Mixed character sets not working in Windows

Started by mitch, June 21, 2016, 04:31:26 PM

Previous topic - Next topic

mitch

Hello!

I'm working on an application that uses Exiftool to read/write XMP into image files. Everything works fine on Mac, but I'm having issues with different character sets on Windows.

I can use the -charset filename= option, and that appears to work, but if a filename (or path) contains a mix of foreign characters AND numbers (such as Љ219.jpg) then the file cannot be found: "No matching files". There is a similar issue if the path (or username) contains these a mix of these characters: "Wildcards don't work in the directory specification. Not matching files".
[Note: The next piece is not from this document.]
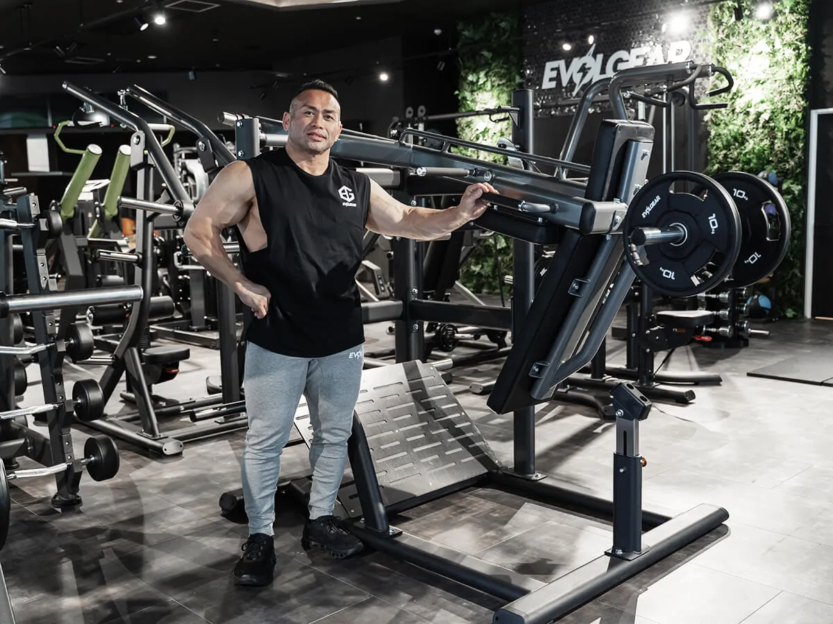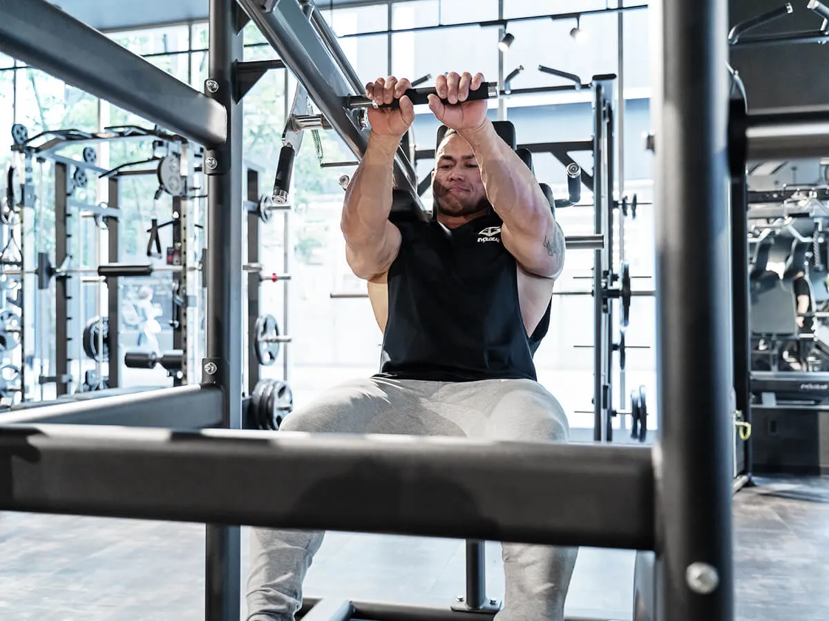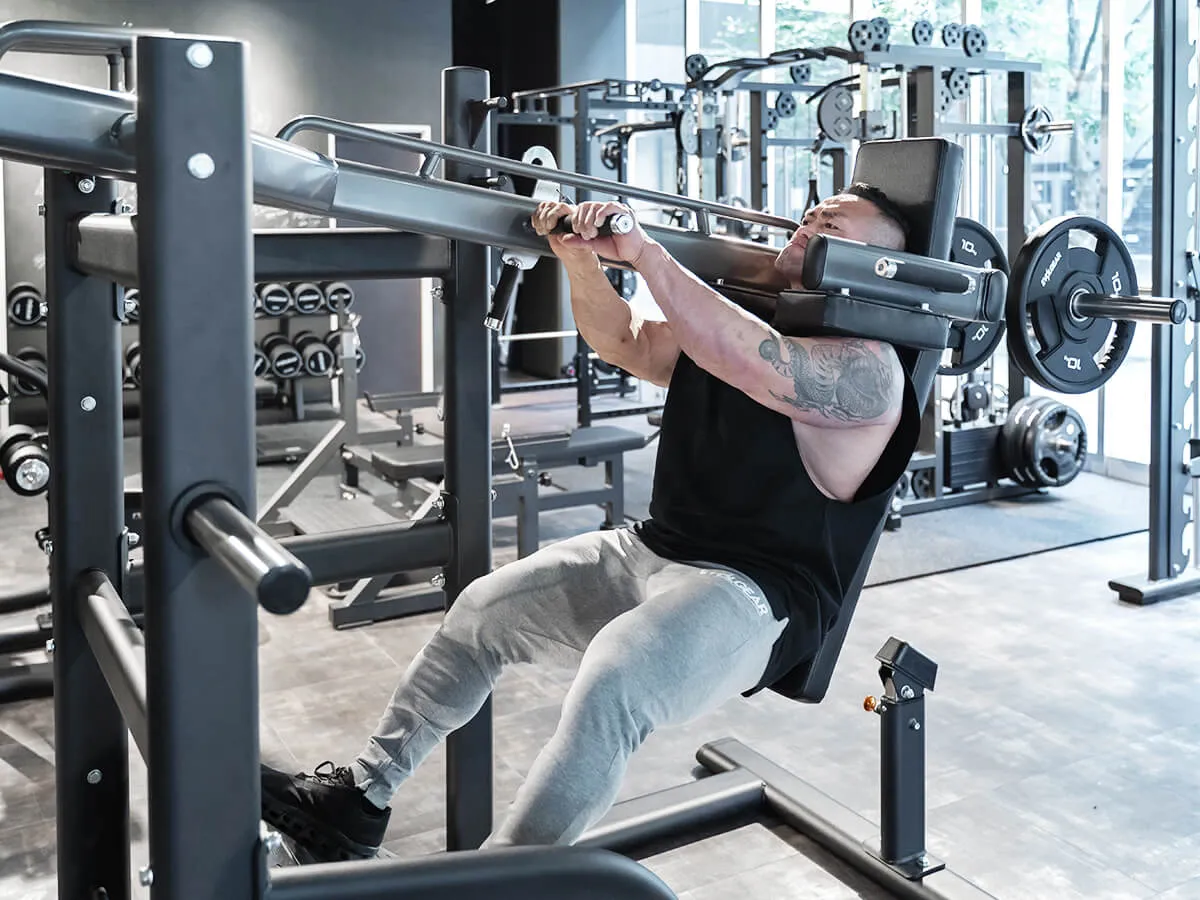 振り子の様な軌道で可動域が広く設計されている為、安全に最大限まで負荷をかけてトレーニングを行う事ができます。

I'm able to circumvent this by creating a read stream of the file (with NodeJS). I can then pipe that data into exiftool through stdin, but assuming that the path/filename has a mix of these characters, I'm not able to write data back into a file this way.

I've also tried creating an ARG file with the parameters, but get similar errors when trying to run any command.

Any help is appreciated. Thanks!

Phil Harvey

I don't understand this.  Numbers are the same as any other ASCII character.  Are you sure your encoding is correct?

- Phil
...where DIR is the name of a directory/folder containing the images.  On Mac/Linux/PowerShell, use single quotes (') instead of double quotes (") around arguments containing a dollar sign ($).

mitch

Thanks for the quick response!

Oddly enough, I can't seem to work with different charsets at all now.
I ran chcp 65001 and changed the console font to "Lucida Console" to ensure that the foreign characters display properly.

Here are some of the commands I'm trying via Windows command line:

exiftool -charset filename=cyrillic йцуке.JPG
exiftool -charset filename=cp1251 йцуке.JPG
exiftool -charset filename=russian йцуке.JPG

Both exiftool and the example image file are located in the same folder, but I get a No matching files for each of these commands.

Phil Harvey

#3
It may be easiest to put the file names on separate lines in a UTF-8 text file, and use the ExifTool -@ option to read them from there (and use -charset filename=utf8).  This avoids the problems of special characters on the command line.

- Phil

Edit:  If you aren't aware of the FAQ, FAQ's 10 and 18 talk about this.
...where DIR is the name of a directory/folder containing the images.  On Mac/Linux/PowerShell, use single quotes (') instead of double quotes (") around arguments containing a dollar sign ($).

mitch

That worked perfectly!

I appreciate you taking the time to help. :)

mitch

Hello again, I just had a follow-up question.
The command works great for files and folder names, but can't seem to handle user accounts with foreign characters. What is the best way to handle this case?

For example, if I try running..
exiftool -charset filename=UTF8 -@ C:\Users\йцуке\Desktop\exiftool.txt

I get the following error:
Error opening arg file

Any ideas?
Thanks!

Phil Harvey

For this you need to get the character set right on the command line.  If you are using -charset filename=UTF8 and ran chcp 65001 in the console and the file name looks correct then it should work.

- Phil
...where DIR is the name of a directory/folder containing the images.  On Mac/Linux/PowerShell, use single quotes (') instead of double quotes (") around arguments containing a dollar sign ($).

mitch

I was able to bypass this by streaming in the text file via NodeJS into Exiftool. Here is the command for anyone interested:


var process = spawn(exiftool, ["-charset", "filename=UTF8", "-@", '-']);
process.stdin.on('data', (data) => { console.log('CHILD_PROCESS STDIN:\n' + data.toString()); });
process.stdout.on('data', (data) => { console.log('CHILD_PROCESS STDOUT:\n' + data.toString()); });
process.stderr.on('data', (err) => { console.log('CHILD_PROCESS STDERR:\n' + err.toString()); process.stdin.end(); });

var is = fs.createReadStream(TEXT_FILE_PATH);
is.on('data', (chunk) => { console.log('READ_STREAM DATA:'); if (chunk) { console.log(chunk.toString()); process.stdin.write(chunk); } });
is.on('error', (err) => { console.log('READ_STREAM ERR:\n' + err); process.stdin.end(); });
is.on('end', () => { console.log('READ_STREAM END: All data has been read'); });
is.on('close', (err) => { console.log('READ_STREAM CLOSE: Read stream has been closed'); process.stdin.end(); });


Thanks again!